## What you will do
Repeat the records word for word, excluding any picture.

[Stored dataset items]

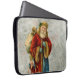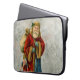 Een oud beeld van de klassieke kerstman met zijn beroemde rode jas en een tas vol speelgoed. Deze ouderwetse kerstman, ook bekend als de oude Sint-Nicolaas, is dun en heeft een wandelstok voor het reizen door het land van speelgoed dat alle meisjes en jongens cadeau geeft. De achtergrond is een oud en vervaagd -parisiaans reclamepervlak met een verbluffd weerswerk.
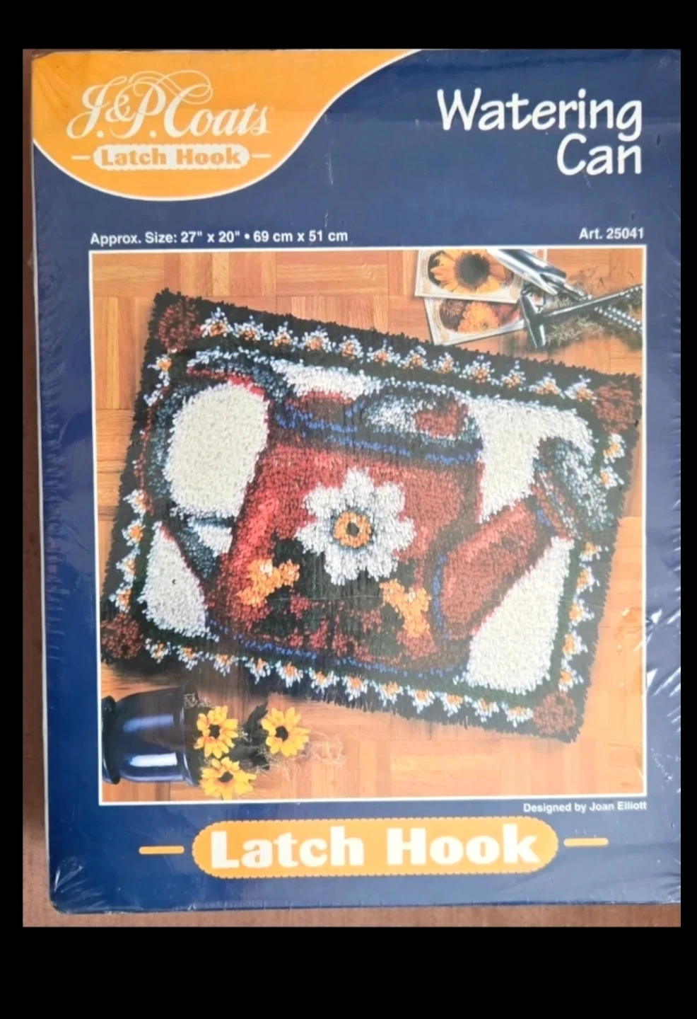 This is a J&P Coats Latch Hook kit for creating a watering can design. The approximate finished size is 27" x 20". It includes everything needed to complete the project.
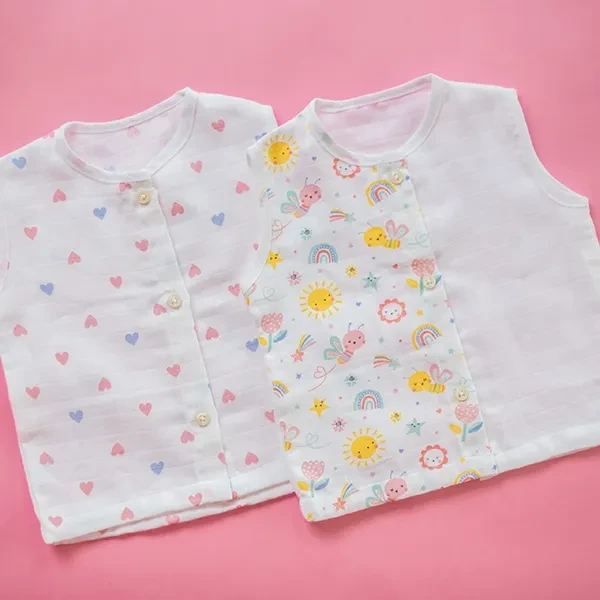 Sleeveless jabla fabricated in pure muslin cotton & outlined in round neckline. The bodice of the jabla is enclosed with straight button placket. This soft and fine weave of cotton fits great for your baby and keeps them at ease.
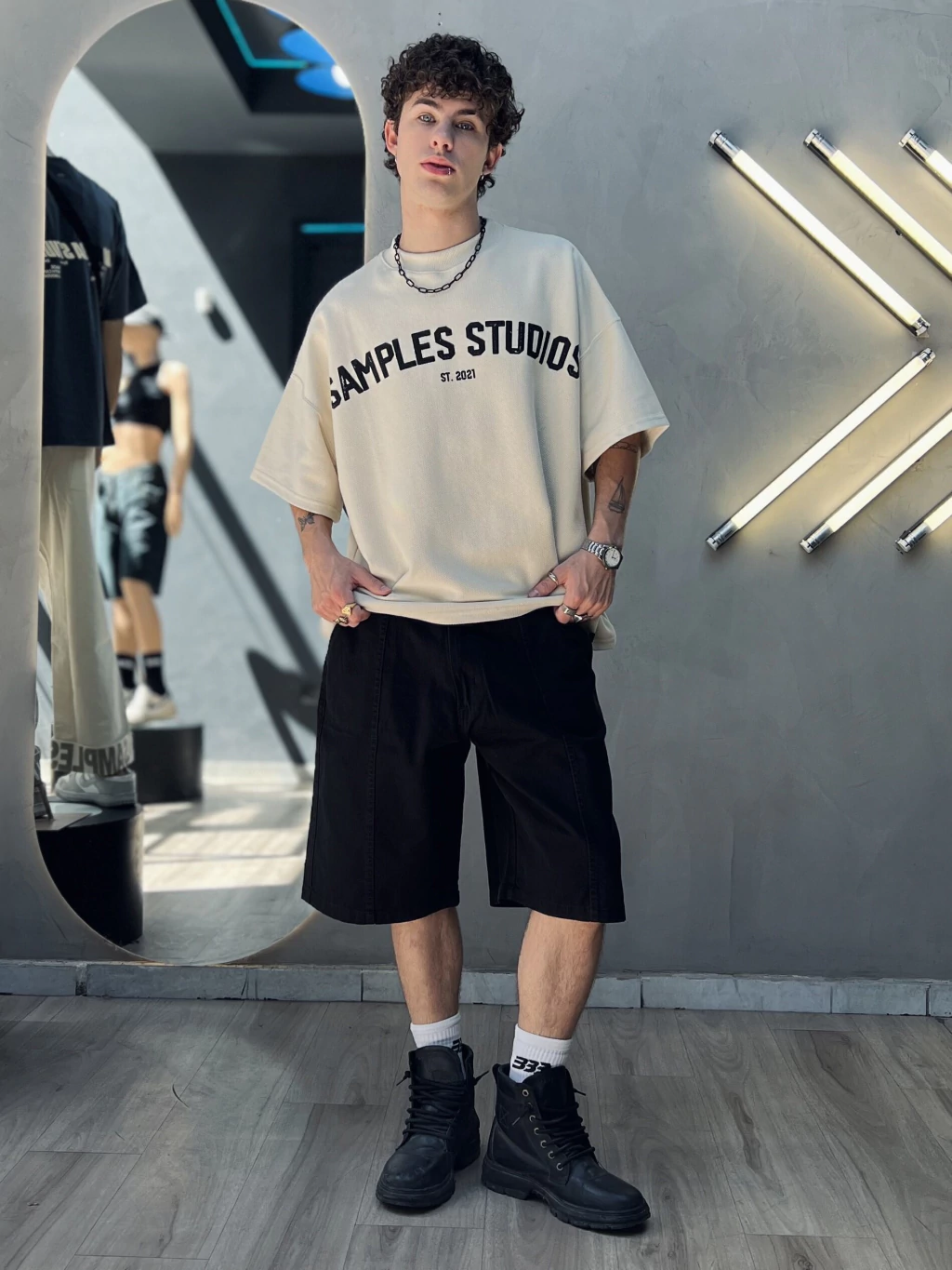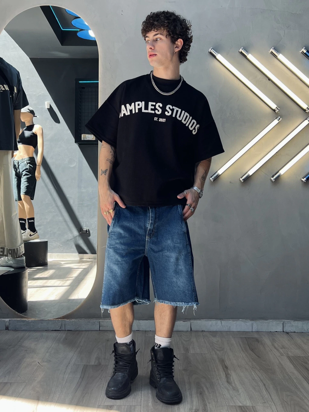Para referencia de medida, el modelo mide 1.74m, usa Talle S.
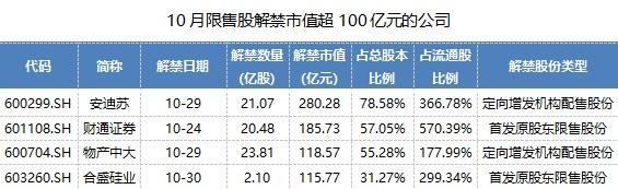 解禁市值超过100亿元的公司除了上述三家外,还有合盛硅业(603260.SH),共四家公司。且这四家公司解禁时间都发生在10月下旬。
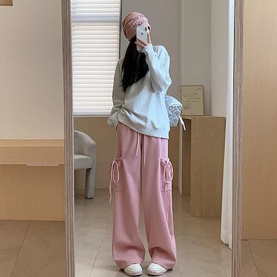 2025 春新作 ロングパンツ レディース スウェットパンツ ノーマルタイプ パンツ ワイドパンツ 体型カバー 着痩せ ゆったり 韓国ファッション
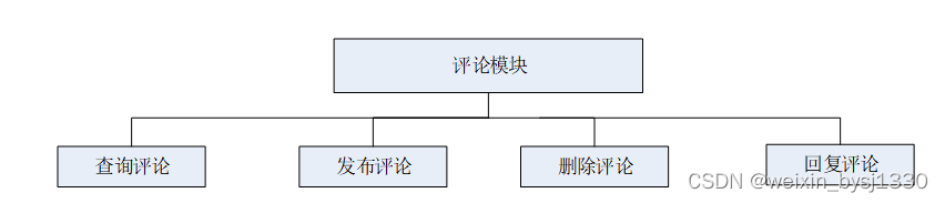 图书管理系统是一个交流性质的公开平台,用户用户可以在平台上交流,增加用户之间的互动性。但是同时也为了更好的规范评论的内容,给予管理员删除不合适的言论的功能,所以需要专门设计一个评论管理模块,具体的结构图如下:
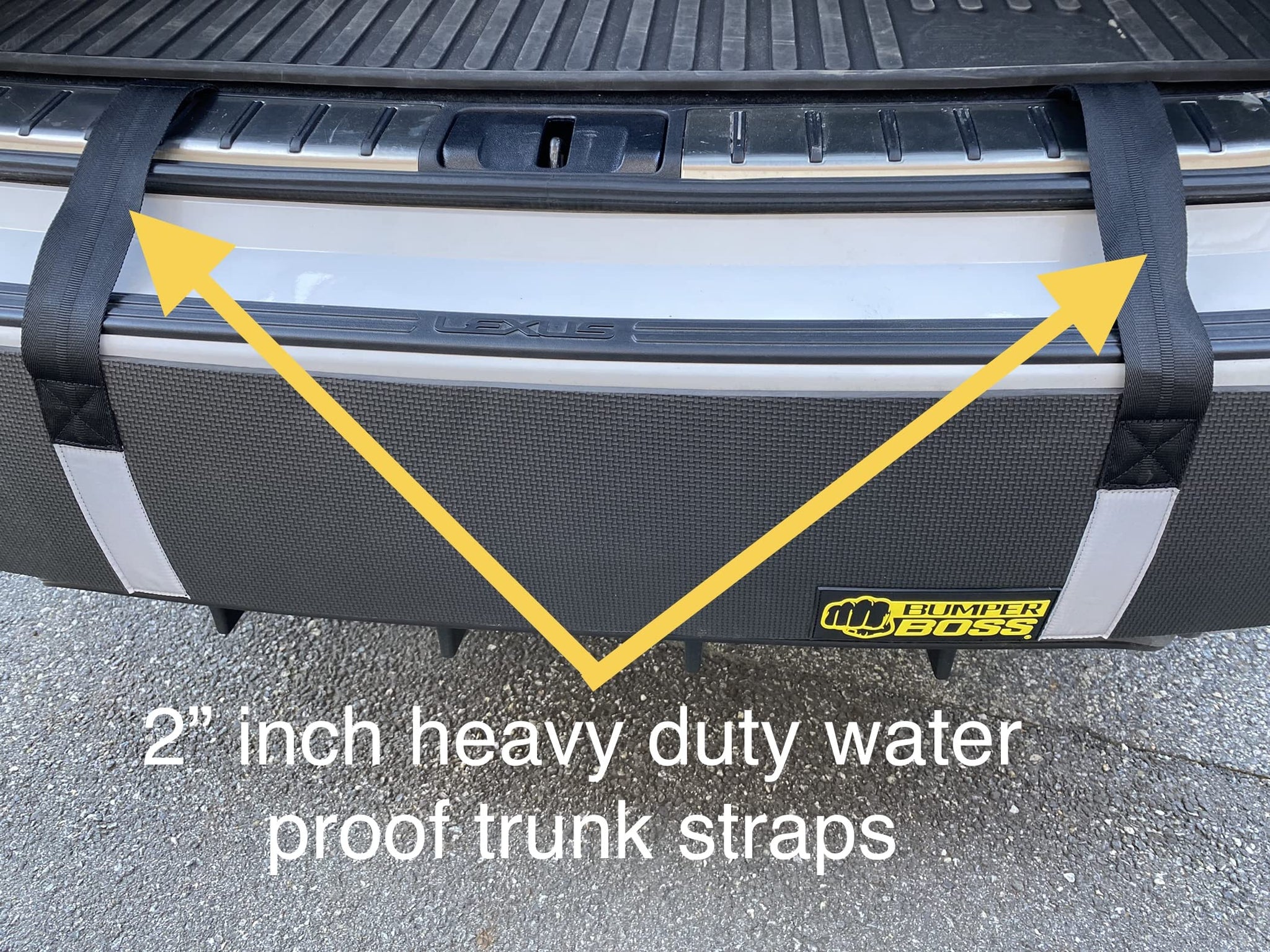 Details: The all-new BumperBoss is designed to maximize the protective range and cover your WHOLE bumper, not just the center. It’s got your corners covered too! protect the full width of your bumper, not just the middle, including the corners! Long gone are the times of leaving your bumpers susceptible to careless parkers and bad drivers, protect yourself with the boss, BumperBoss. Made from a soft yet durable water-repelling tech-foam, it’s flexible enough to wrap around and highlight the contours of your bumper. The outer face of the BumperBoss is textured to maximize scuff resistance, while the back is soft and smooth, making cleaning and maintenance super simple. Give your BumperBoss a custom fit by adjusting the straps the first time you use it and then roll-and-go to store it in mere seconds! BumperBoss provides maximum protection for your bumpers and maximum trunk space for your needs, it conveniently rolls up for compact storage inside your trunk when not in use.

## The completed task
 Een oud beeld van de klassieke kerstman met zijn beroemde rode jas en een tas vol speelgoed. Deze ouderwetse kerstman, ook bekend als de oude Sint-Nicolaas, is dun en heeft een wandelstok voor het reizen door het land van speelgoed dat alle meisjes en jongens cadeau geeft. De achtergrond is een oud en vervaagd -parisiaans reclamepervlak met een verbluffd weerswerk.
 This is a J&P Coats Latch Hook kit for creating a watering can design. The approximate finished size is 27" x 20". It includes everything needed to complete the project.
 Sleeveless jabla fabricated in pure muslin cotton & outlined in round neckline. The bodice of the jabla is enclosed with straight button placket. This soft and fine weave of cotton fits great for your baby and keeps them at ease.
Para referencia de medida, el modelo mide 1.74m, usa Talle S.
 解禁市值超过100亿元的公司除了上述三家外,还有合盛硅业(603260.SH),共四家公司。且这四家公司解禁时间都发生在10月下旬。
 2025 春新作 ロングパンツ レディース スウェットパンツ ノーマルタイプ パンツ ワイドパンツ 体型カバー 着痩せ ゆったり 韓国ファッション
 图书管理系统是一个交流性质的公开平台,用户用户可以在平台上交流,增加用户之间的互动性。但是同时也为了更好的规范评论的内容,给予管理员删除不合适的言论的功能,所以需要专门设计一个评论管理模块,具体的结构图如下:
 Details: The all-new BumperBoss is designed to maximize the protective range and cover your WHOLE bumper, not just the center. It’s got your corners covered too! protect the full width of your bumper, not just the middle, including the corners! Long gone are the times of leaving your bumpers susceptible to careless parkers and bad drivers, protect yourself with the boss, BumperBoss. Made from a soft yet durable water-repelling tech-foam, it’s flexible enough to wrap around and highlight the contours of your bumper. The outer face of the BumperBoss is textured to maximize scuff resistance, while the back is soft and smooth, making cleaning and maintenance super simple. Give your BumperBoss a custom fit by adjusting the straps the first time you use it and then roll-and-go to store it in mere seconds! BumperBoss provides maximum protection for your bumpers and maximum trunk space for your needs, it conveniently rolls up for compact storage inside your trunk when not in use.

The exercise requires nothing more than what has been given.